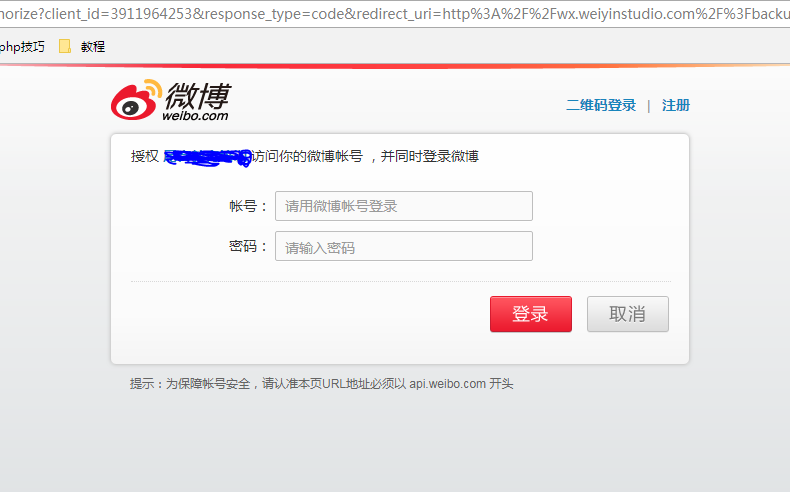 PHP调用微博接口实现微博登录的方法示例
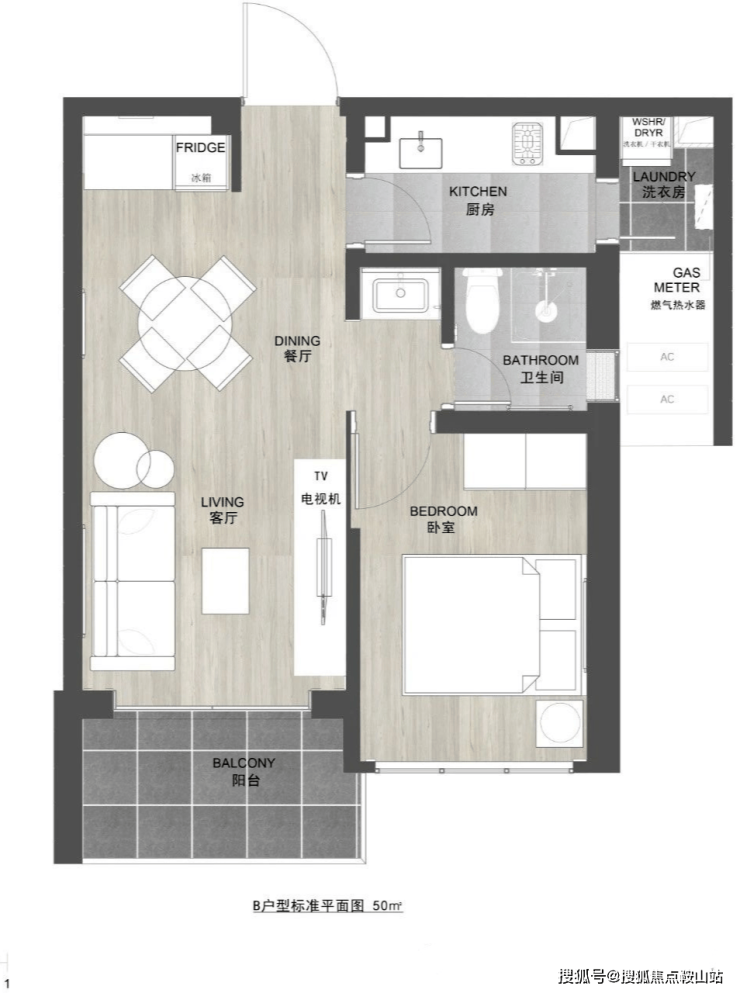 50㎡1房,带生活阳台,传统一房一厅布局。
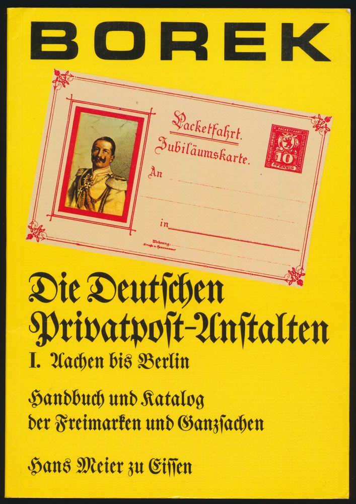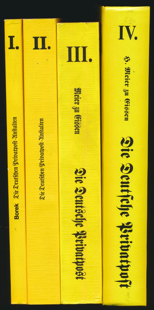 Borek GmbH (Vol. I), Verlag Meier zu Eissen (Vols. II - IV), Germany; 1979 - 1997; Printed; stapled; German; 304 + 480 + 494 + 537 pag.; soft cover; very fine; The complete and definitive reference work on German private city post courier stamps and
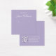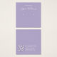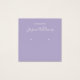 A simple lavender earring display card: just white text on lavender (light purple) background, with the earring places indicated by two very small circles. The name is written in an elegant script.

- Directions for this task: Set down the data above word for word, leaving every picture out.

- Response for this exercise:
 PHP调用微博接口实现微博登录的方法示例
 50㎡1房,带生活阳台,传统一房一厅布局。
 Borek GmbH (Vol. I), Verlag Meier zu Eissen (Vols. II - IV), Germany; 1979 - 1997; Printed; stapled; German; 304 + 480 + 494 + 537 pag.; soft cover; very fine; The complete and definitive reference work on German private city post courier stamps and
 A simple lavender earring display card: just white text on lavender (light purple) background, with the earring places indicated by two very small circles. The name is written in an elegant script.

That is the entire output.